• **What this task involves**: Range to reproduce from the entries below: the line with "Kuranda Gluten Free", the line with "Gift set, AURORA, For", and every line in between. Give them exactly and give nothing else.

• **Materials provided**:
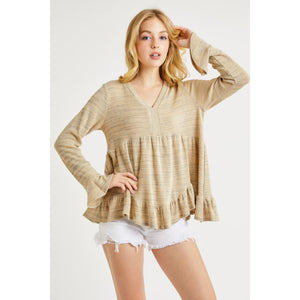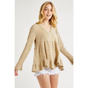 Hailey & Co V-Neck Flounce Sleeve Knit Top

...

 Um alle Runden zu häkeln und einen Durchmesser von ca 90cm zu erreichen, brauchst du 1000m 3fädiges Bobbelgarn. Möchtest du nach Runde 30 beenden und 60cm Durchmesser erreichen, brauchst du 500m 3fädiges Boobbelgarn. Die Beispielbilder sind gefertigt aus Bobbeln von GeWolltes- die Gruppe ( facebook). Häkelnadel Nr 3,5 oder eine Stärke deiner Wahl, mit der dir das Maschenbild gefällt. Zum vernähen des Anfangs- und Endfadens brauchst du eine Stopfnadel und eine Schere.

==

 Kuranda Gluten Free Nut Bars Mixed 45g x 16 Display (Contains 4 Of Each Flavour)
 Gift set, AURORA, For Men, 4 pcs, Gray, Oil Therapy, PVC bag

• **Task answer**:
 Kuranda Gluten Free Nut Bars Mixed 45g x 16 Display (Contains 4 Of Each Flavour)
 Gift set, AURORA, For Men, 4 pcs, Gray, Oil Therapy, PVC bag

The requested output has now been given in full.